Share your dilemmas and get honest opinions from other Mumsnetters.

DH's costly birthday party plans

231 replies

Loopytiles · 23/05/2017 13:07

DH has a "milestone" birthday next spring. He wishes to host a (child free) camping weekend for family and friends (perhaps 40 or 50 people) at a location 3 hours away. The place has a (basic) barn for dancing and a couple of toilets, with plenty of space for camping, but minimal other facilities.

I estimate that venue/site hire (£700), some form of heating (outdoor heaters and/or fire pit stuff), lighting and music (DJ), and providing food and booze for the Saturday could cost between £1500 and £2000. We would also need to clean and clear rubbish on the Sunday.

DH is being given £1000 as a birthday present by a kind and wealthy family member. I received the same on my milestone birthday, spent £300 on myself and put the rest towards a new kitchen (which had cost more than we'd budgeted). Problems with house renovation, my work and our relationship around the time of my birthday meant I didn't do much to celebrate.

I feel that his plans are much too costly and a lot of hassle, and am (stupidly) a bit concerned about what guests might think. (I have an anxiety disorder). AIBU?

Some more information, so as not to drip feed. Childcare for the weekend shouldn't be a problem as a relative would help. DH has a couple of expensive long weekends away with his friends each year, and often socialises (me much less so, but that's my choice). We are well off, but have a lot of expenses (mortgage, childcare, home improvements, car very old so needs replacing) so money is a factor. We often spend around this budget on a family holiday each year, and would need to do something cheaper than usual if he spends money on this.
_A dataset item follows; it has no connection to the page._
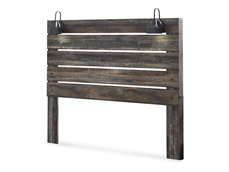 When merged in just the right way, rustic and industrial styles can make one happy marriage. Case in point: this king panel headboard. A refined take on barn board beauty, its complex, replicated wood grain showcases hints of burnt orange and teal tones for a sense of weatherworn authenticity. Love to read in bed? You’re sure to find the pair of retro-chic light sconces and USB plug-ins on the open-slat style headboard such a bright idea.

We have relationship problems, including that I feel that (after DC) DH prioritises work and socialising over time with me. We have not been away or done much together since we had DC, which is down to both of us, and the pressures of young DC, both WoH, money, health etc.

OP posts:
TheEmojiFormerlyKnownAsPrince · 23/05/2017 20:56

I hate these ' no children events' , they excludr everyone who can't find people to look after children.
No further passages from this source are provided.